I had a student a while ago who wrote a line that stuck with me, about the Talmud being a book that assumes, from the very first page, that you’ve already read the Talmud. Being a new director of an academic unit is a bit like that. By the time you start, you’re already well in the middle of it, the mess and muddle of email chains that long predate you and meetings and reports about things you’re racing to catch up to. Where do you get a handle on something like the Centre for Diaspora and Transnational Studies? What is it, even? A suite of rooms on the second floor of the Jackman Humanities Building; an ever-changing collection of people sometimes referred to (in those reports) as various percentage points; a list of courses, some aspirational and some long-dormant; a series of public events (see below); an institutional history whose origins I’m still plumbing; an organizing idea, which only sometimes seems to be doing the work of organizing. It takes a while to see it all, and I won’t claim I’ve managed that.

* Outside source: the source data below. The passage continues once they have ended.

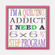 Um ímã divertido para a colcha na sua vida! Você é um "Viciado em Quilting"? Você passa todo seu tempo livre fazer colcha? Este ímã bonito é um presente perfeito para alguém que colcha. "Sou um viciado em Quilting, preciso de um programa passo 6 x 6 1/2". Personalize o quadro de fundo com o botão de cor "Personalizar". Este pequeno ímã é excelente de paus de colcha. Imagem disponível em um botão de retorno do pino! Veja abaixo.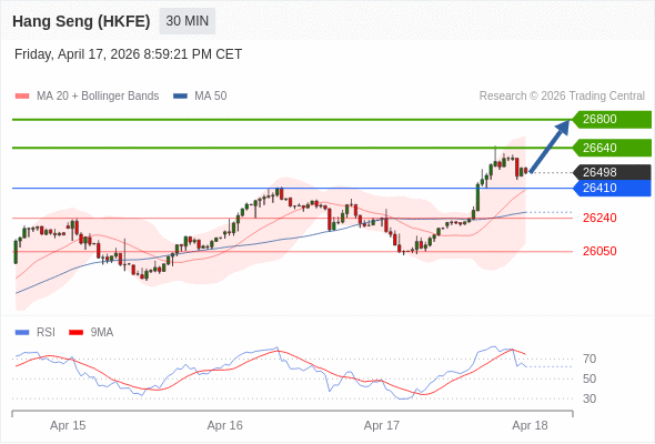 在 26410 之上,看涨,目标价位为 26640 ,然后为 26800 。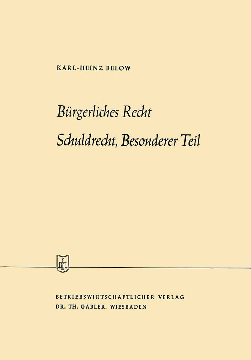 Von allen Gebieten des Burgerlichen Rechts ist fur den Wirtschaftswissen schaftler der Besondere Tell des Rechts der SchuldverhaItnisse eines der wichtigsten, vielleicht sogar das bedeutsamste. Denn unter den dort auf gezahlten, sehr heterogenen Materien begeg...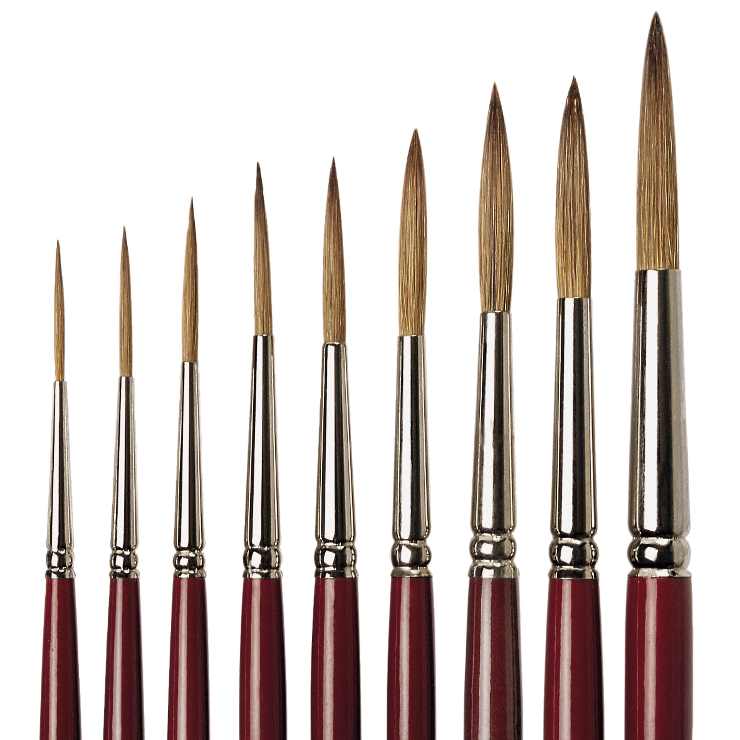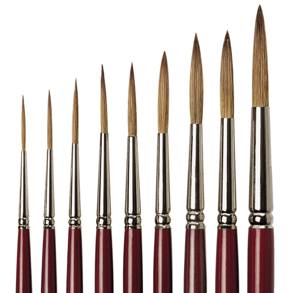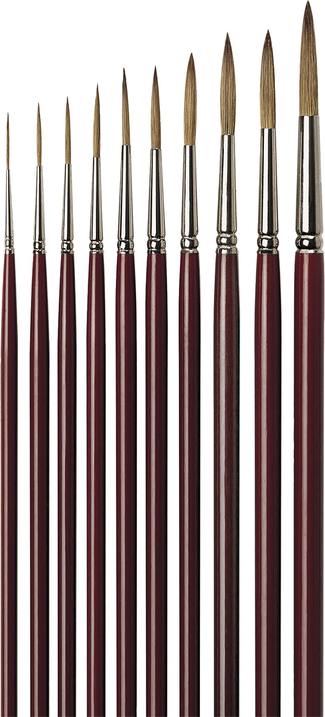 Hochwertiger Schlepper. Rundpinsel mit echtem Kolinsky-Rotmarderhaar. Langer, kirschroter Stiel, nahtlose Silberzwinge. Die ausgezeichnete Qualität des Besatzes sorgt für hohe Speicherkapazität, und die exakt ausgeformte Haarspitze eignet sich hervorragend für lange, präzise Striche und Detailarbeiten. Ab Größe 14 wird das Rotmarderhaar verstärkt, um die Standfestigkeit zu erhöhen. Made in Germany.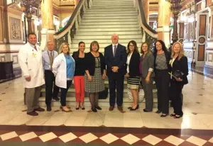 [Representative Hays celebrates passage of the bill with a group from Carle. Note: You can click on the photo to enlarge it.]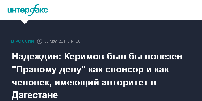 "Я не могу дать личных подтверждений информации, что Прохоров позвал Керимова в "Правое дело", но, на мой взгляд, это было бы вполне логично и обоснованно", - сказал Надеждин в понедельник "Интерфаксу".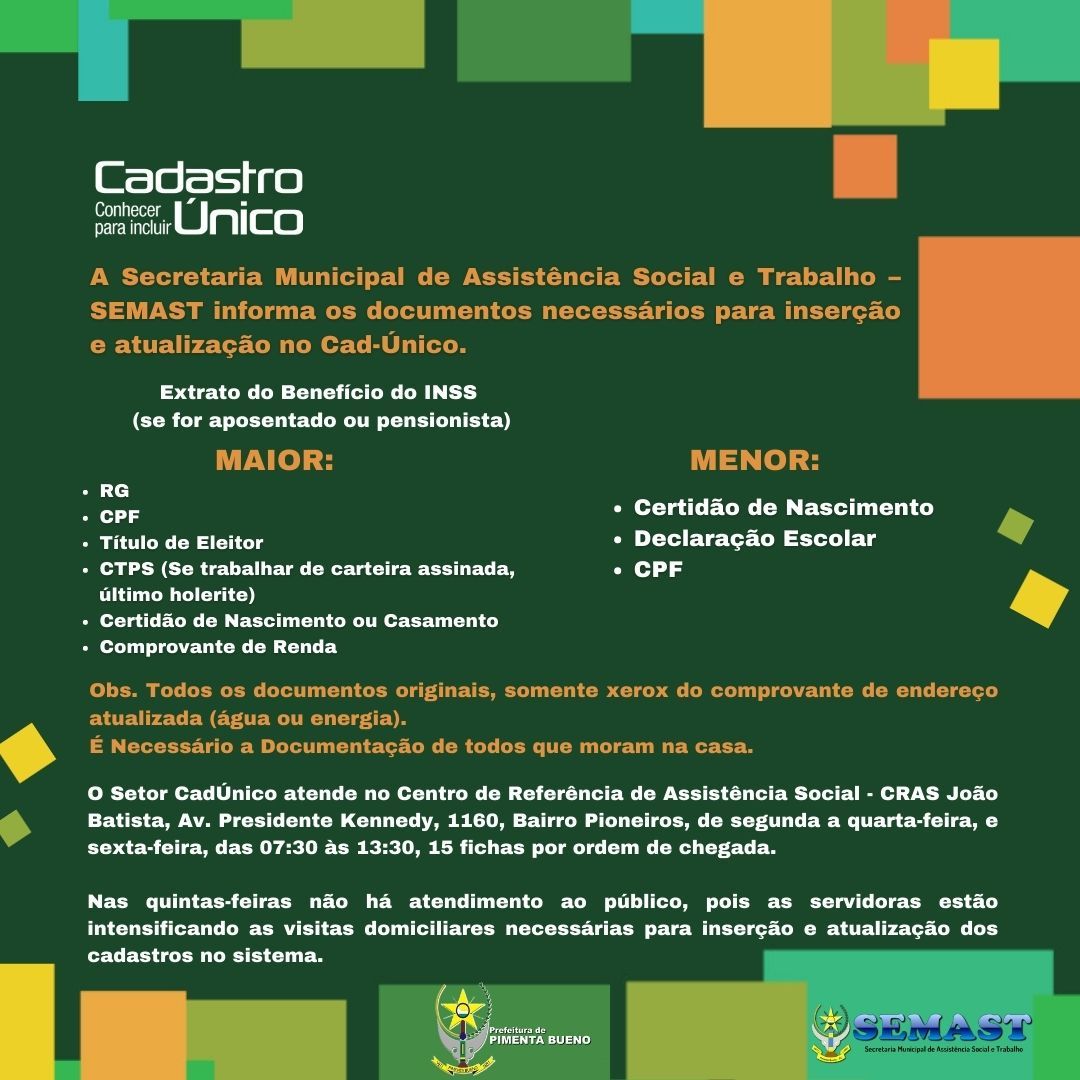 A Secretaria Municipal de Assistência Social e Trabalho – SEMAST informa os documentos necessários para inserção e atualização no Cad-Único.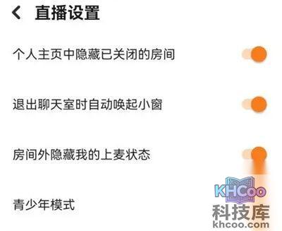 3. 接下来在直播设置的页面里找到“房间外隐藏我的上麦状态“,在它的后面对应着有一个开关按钮,在上面点击把它设置为彩色的状态时即为开启,其他人就看不到你的上麦状态了。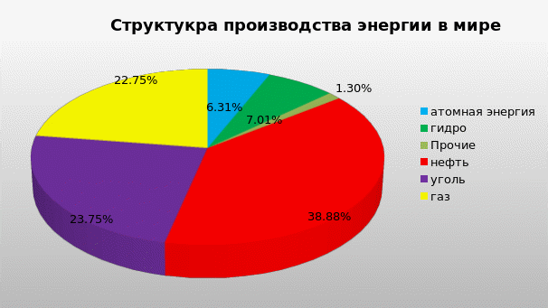 В отличие от всего мира в России около половины всего количества энергии производится с помощью сжигания природного газа (рис. 3).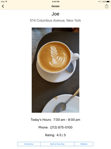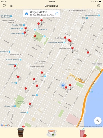 Select coffee, tea or smoothies and Drinklicious will locate these items and display them on an interactive map around your current location. Tap any result to get full details.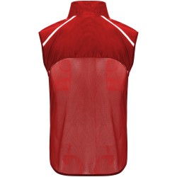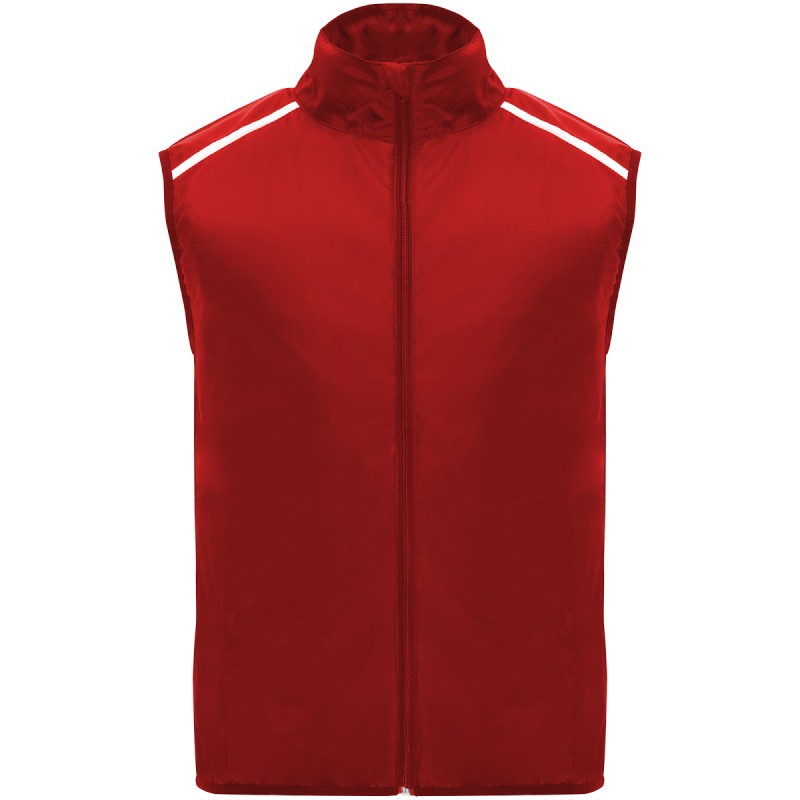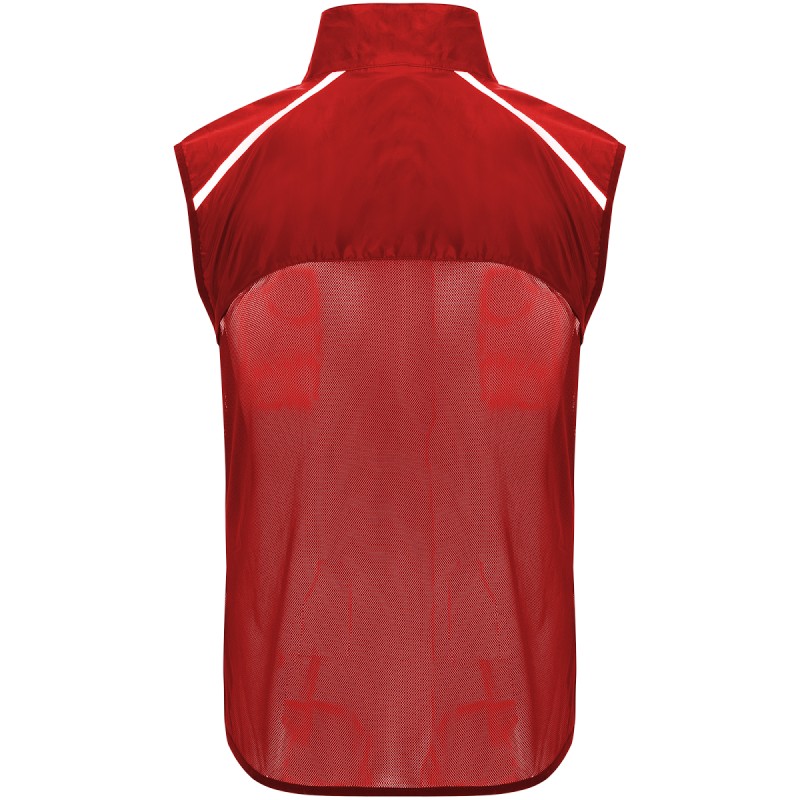 Coupe-vent et respirant. Fermeture à glissière sur le devant avec protège-menton assorti. Liseré élastique à l’emmanchure et au bas. Partie inférieure du dos en tissu microperforé. Détails fluorescents sur le dessus, le devant et dans le dos. Pochette avec lanière élastique pour ranger le gilet et le porter au poignet. Étiquette détachable.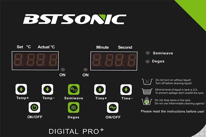 Celokovová ultrazvuková čistička pro univerzální použití s degazačním programem pro zbavení vzduchu z čistícího média a výpustným kohoutem. Použitá nerez SUS304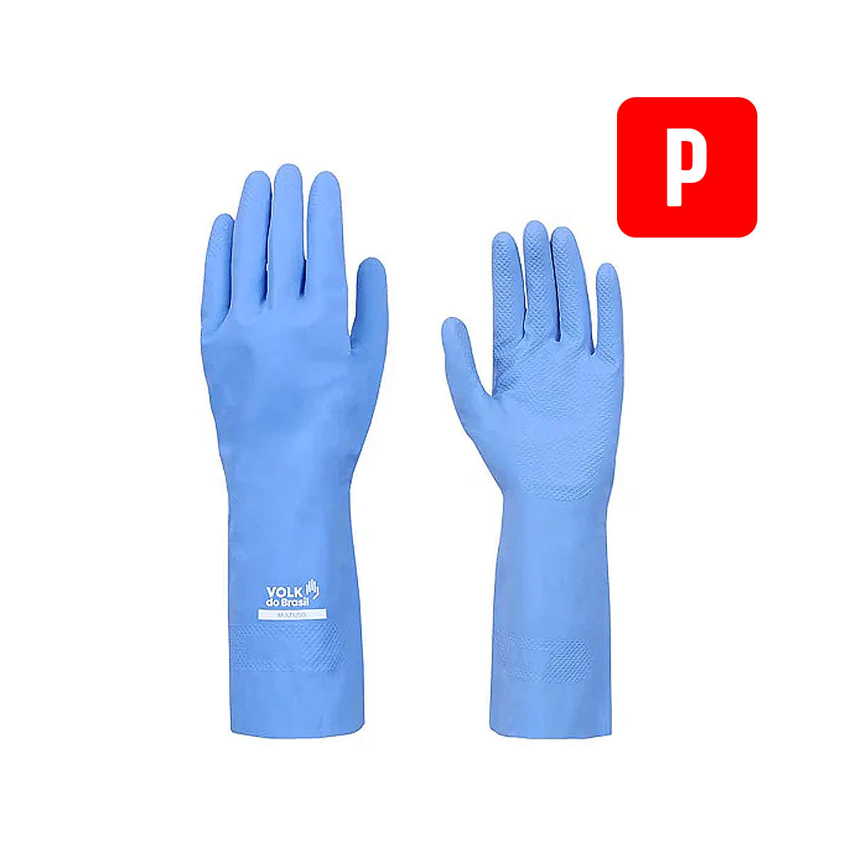 " Luva de segurança, confeccionada em borracha natural (látex), revestida internamente com flocos de algodão, antiderrapante na face palmar e nos dedos, lisa na face dorsal e punho. "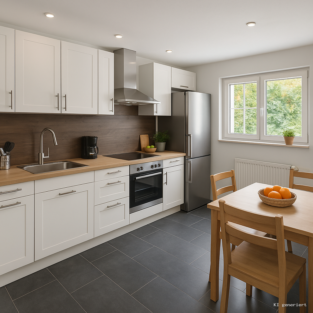 – Böden: überwiegend Laminat, teils Fliesen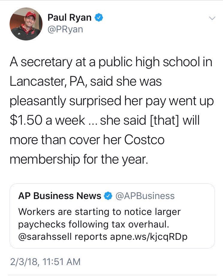 Ryan: “A secretary at a public high school in Lancaster, PA, said she was pleasantly surprised her pay went up $1.50 a week…”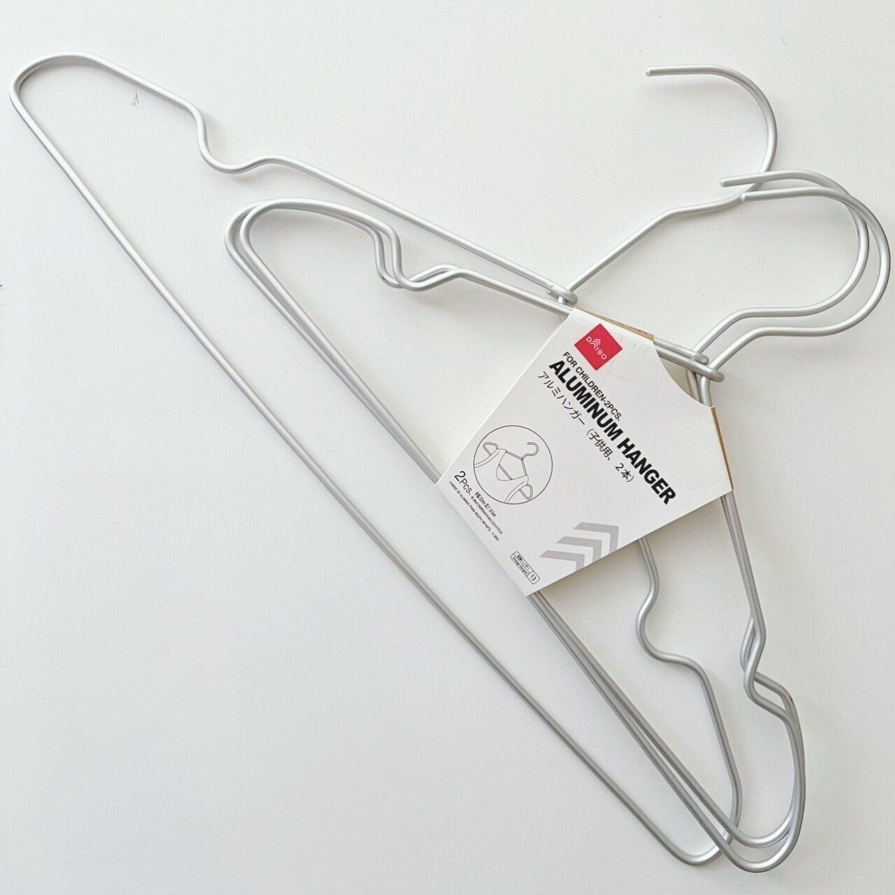 アルミハンガーはシリーズで色々な形が出ていますが、肩ひも部分が凹んでいる形には「子ども用」もあります。

And yet we soldier on. The photos and event descriptions in this report, compiled by Katharine Bell, can give you some sense of what we’ve been doing. Even better, come to our events in person. I hope to see some of you at the welcome-back breakfast next January, to hear one of our speakers, and to join the get-together April and M.J. are planning. Or just drop by for a snack and a talk!
While the whole picture still eludes me, I’ve had a few tantalizing glimpses of DTS in action. A student, Petra Biddle-Gottesman, told me about Ken MacDonald shepherding his class around the neighborhoods, food halls, alleyways, and places of worship of “Transnational Toronto”; I spent some time with the president and vice president of our student union, April Yoo and M.J. Kotikela, hearing about what drew them to the major; I wandered around Evergreen Brickworks with some colleagues on our retreat; I valiantly struggled with reports and budgets with Antonela Arhin; and I pondered the changing meanings of diaspora and transnationalism with faculty at L'Espresso Bar Mercurio. Some days, I walk through the front door of that suite of rooms and pass a gaggle of students in the lounge and wish I had time to drop in, but I don’t, because I’m the Director and it turns out that’s an actual job. Even so, something in me lifts, as if were DTS holding me and not (as I feared at first) that I had to hold the Centre and keep it afloat. There is enough here, people doing their various things, that sometimes, even rushing to a meeting I’m late for, I can rest a bit on the ongoing web of this thing that holds us together.
Maybe this question of what DTS is comes down to the map Katharine and Petra put up near our front door, with the yarn showing the many places we come from, radiating to and from the place in JHB we also call, provisionally, home. You pin down some piece of it for a minute or two, but the whole is a complicated picture, with some parts here and some elsewhere. And maybe what you don’t so clearly see is the more precious for that.